The committee asked its supporters if it was reasonable to go this route with an expected cost of nearly $40 thousand — mostly legal expenses — but with less risk of being held responsible for costs claimed by their opponents. About twenty-five people at the meeting and others online all seemed to agree and many committed financial to go forward.

Feedback to the environment minister’s review was considered “unprecedented” with over 187 comments and concerns, only six of which were favourable to the project.

Speakers at that meeting said they did not feel that the environment minister truly listened to their concerns. Further, they felt the local MLA, Natural Resources Minister Tory Rushton had also let them down.

Allen’Johnson noted the local minister had reported his department received more than 1700 letters or submissions opposing the project. In fact the minister did say there was that much feedback but he did say there are people in favour of the project. The group contends, “The Minister failed to adequately address the project's impact on the endangered Mainland Moose and the community's use of the area for outdoor recreation and eco-tourism.”
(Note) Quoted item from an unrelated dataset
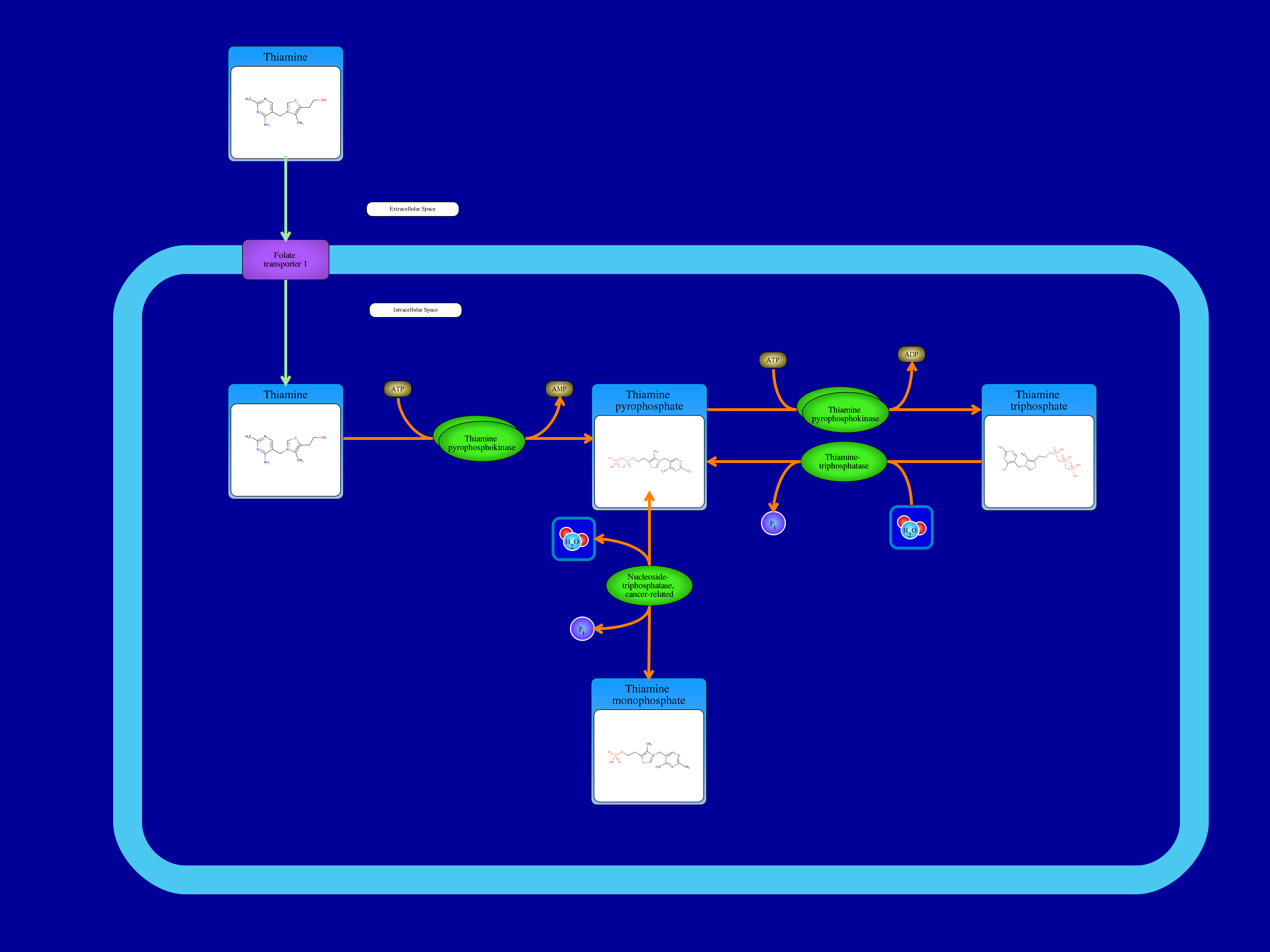 Thiamine, (Vitamin B1), is a compound found in many different foods such as beans, seafood, meats and yogurt. It is usually maintained by the consumption of whole grains. It is an essential part of energy metabolism. This means that thiamine helps convert carbohydrates into energy. Eating carbohydrates increases the need for this vitamin, as your body can only store about 30mg at a time due to the vitamins short half-life. Thiamine was first synthesized in 1936, which was very helpful in researching its properties in relation to beriberi, a vitamin b1 deficiency. This deficiency has been observed mainly in countries where rice is the staple food. Thiamine metabolism begins in the extracellular space, being transported by a thiamine transporter into the cell. Once in the intracellular space, thiamine is converted into thiamine pyrophosphate through the enzyme thiamin pyrophosphate kinase 1. Thiamine pyrophosphate is then converted into thiamine triphosphate, again using the enzyme thiamin pyrophosphatekinase 1. After this, thiamine triphosphate uses thiamine-triphosphatase to revert to thiamine pyrophosphate, which undergoes a reaction using cancer-related nuceloside-triphosphatase to become thiamine monophosphate. This phosphorylated form is a metabolically active form of thiamine, as are the two other compounds, derivatives of thiamine, mentioned previously. The enzymes used in this pathway both stem from the upper small intestine. Thiamine is passed mainly through urine. It is a water-soluble vitamin, which means it dissolves in water and is carried to different parts of the body but is not stored in the body.
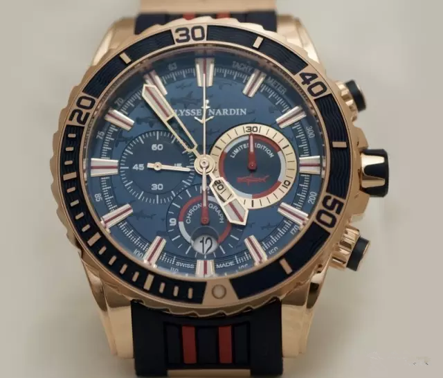 虽然雅典的玫瑰金材质潜水表不在少数,但是感觉都没有这款的冲击力那么的大。就外形而言,三个小表盘的配合也很协调,感觉这一款式还是相当的好看!当然这款的价格也是很“好看”,28万的定价果然是让我只能看看……

Lawyers for the group will file a request for a judicial review. If accepted, the group will present their case directly to a judge who has the right to overturn the ministerial decision or to call for further dialogue with the community.

The committee admits the move is a long-shot but they feel “the current system is deeply flawed,” so they are looking to impact future developments.

Calling it a “test case for future developments in Nova Scotia,” the valley advocates are pressing for clearer environmental assessment guidelines that hold applicants and government to the highest standards.

Given that Minister Rushton says he expects another round of wind applications, they hope the procurement process will stay in Nova Scotia and not be administered by a third party in the United States as was the case for the current projects, a process set up by the former government of Stephen McNeil.